PostgresML architecture

PostgresML is an extension for the PostgreSQL database server. It operates inside the database, using the same hardware to perform machine learning tasks.

PostgreSQL foundation

PostgreSQL is a process-based database server. It handles multiple connections by forking the main process, which creates OS-level isolation between clients.

The main process allocates a block of shared memory, and grants all client processes direct access. Shared memory is used to store data retrieved from disk, so different clients can re-use the same data for different queries.

Data access is controlled with lightweight locking and transaction-based multi-version concurrency control (MVCC). Each client gets its own version of the entire database, which remains consistent for the duration of the transaction.

This architecture is perfect for machine learning.

PostgresML open-source extension

A process-based architecture is perfect for multi-tenant machine learning applications. Each client connection loads its own libraries and models, serves them to the client, and removes all traces of them when the connection is closed.

Since PostgreSQL shares data between clients, the expensive part of retrieving data is optimized, while the relatively inexpensive part of loading models into memory is automated and isolated. MVCC ensures that models trained in the database are consistent: no new data is added or removed during training.

Optimizations

Most classical machine learning models are small: an average XGBoost model could be only a few megabytes, which is easy to load into memory for each connection process. LLMs like Mistral and Llama can range anywhere between a few gigabytes to hundreds of gigabytes, and most machines can only afford to load one instance at a time.

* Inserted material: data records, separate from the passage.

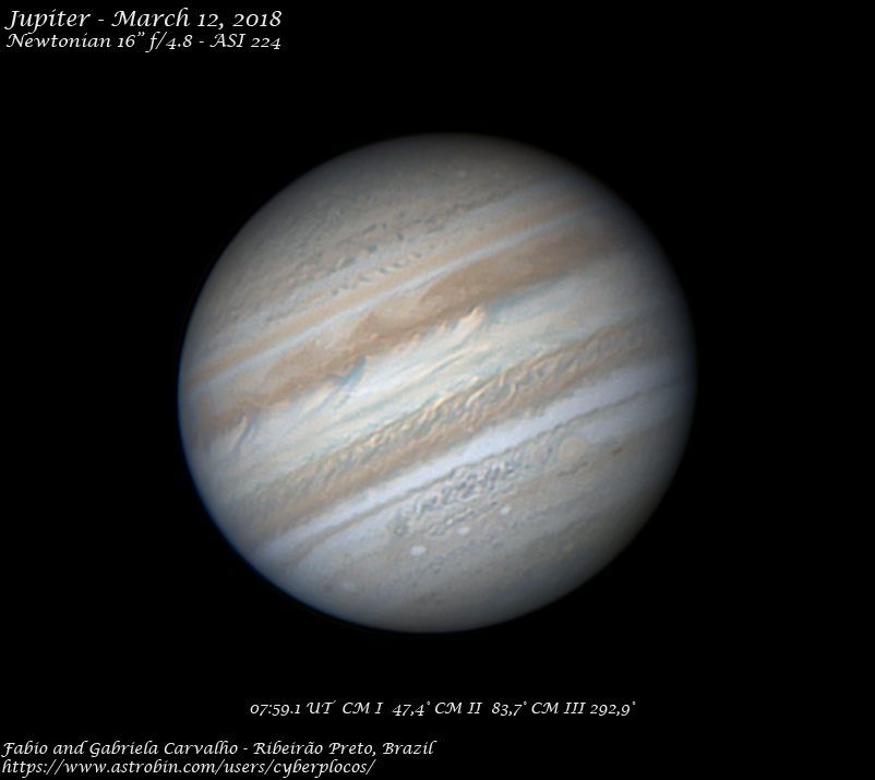 Jupiter on March 12 with variable seeing and good transparency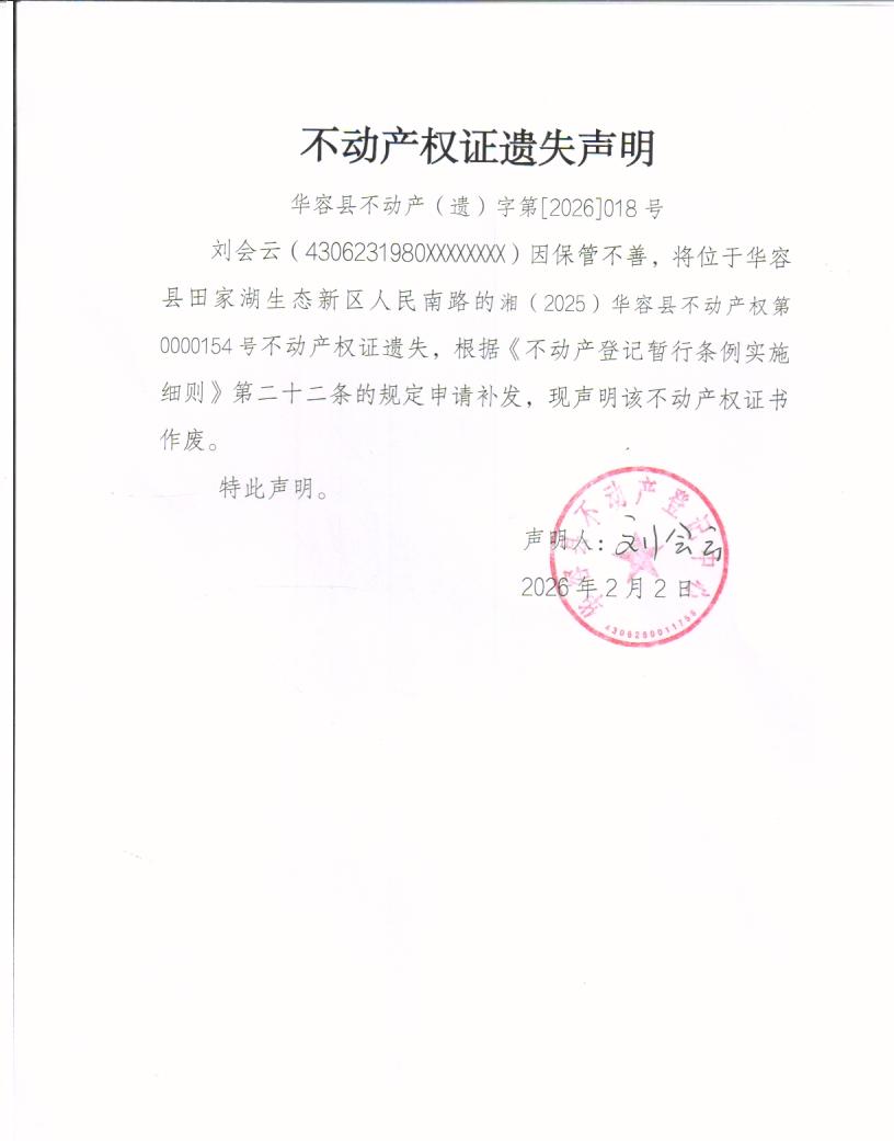 不动产权证遗失声明(刘会云)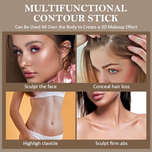 Highlight & Contour stick, Contouring Stick in Highlighter, Bronzer and Blusher, a non-greasy and waterproof contouring stick that effortlessly contours the face for a lightweight look

To share models between multiple clients, PostgresML, just like PostgreSQL, takes advantage of a connection pooler. We've built our own, called PgCat, which supports load balancing, sharding, and many more enterprise-grade features.

Pooling connections allows thousands of clients to reuse one PostgreSQL server connection. That server connection loads one instance of a LLM and shares it with all clients, one transaction at a time.

If the machine has enough RAM and GPU memory, more instances of the model can be loaded by allowing more than one server connection. PgCat will route client queries at random and evenly load balance the queries across all available LLM instances.